My Easter Rabbit Domestic Terrorist Training Gig

killer-rabbit-(verOK, I wasn’t an Easter Rabbit.  I was a Beatrix Potter promotion rabbit.  But rabbits are rabbits dammit. And as Attorney General John Ashcroft always said, “terror is terror.”

The following is from the section of “Playing Left Field in Boston” chapter of Public Policy Hooligan on the various jobs I did to pay the rent.  That chapter uses quotes from two of my early philosophical inspirations, Thoreau and Emerson, to frame my non-philosophical experience living in Massachusetts.


Thoreau wrote in Walden: “What is a country without rabbits and partridges?”

I have my dignity. I never worked as a partridge. But I did serve time as a Killer Rabbit.

Technically, it wasn’t a “Killer Rabbit” – but merely a prop in a Beatrix Potter promotion at a Filene’s department store. The rabbit suit was as comfortable as wearing a half dozen winter coats encased in an old-fashioned diving bell.

I suspected the artist who crafted the rabbit’s face was disgruntled. Or maybe he missed his meds that week. Instead of a loveable, carefree bunny, this Peter Rabbit looked like he should be swinging a chainsaw in a “Friday the 13th” movie. I was the Cottontail from Hell.

As I was lumbering around the store, one woman came around the corner, saw my bulging, bloodshot eyes and my canine grimace, and began screaming as if she expected to be torn from limb to limb.

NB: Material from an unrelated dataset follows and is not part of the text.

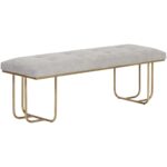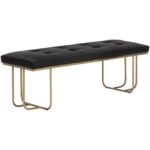 This stylish bench will provide additional seating to living and lounge spaces. Features a tufted seat in clover green and eclipse white fabric with curved black iron legs.

Filene’s assumed the Beatrix Potter event would bring out droves of parents and kids. Didn’t happen. So the store was stuck with a giant rabbit and a photographer, and no gaggle of kids. A quick-thinking manager decreed that sales girls could have free “souvenir photos.” (Perks were pitifully few on that job.) I never had so many women clambering on my lap before or since. But the outfit was thick enough that it remained platonic, at least for me.

My Beatrix Potter debut occurred a year before rabbits entered the Pantheon of American Politics. President Carter was fishing in Georgia when a rabbit bee-lined for his rowboat – “hissing menacingly, its teeth flashing and nostrils flared and making straight for the president,” according to Wikipedia. The rabbit fled after Carter thumped it with an oar. But Republicans seized upon the incident to portray Carter as a feckless leader and did their best to portray that rabbit as Carter’s running mate in the 1980 election.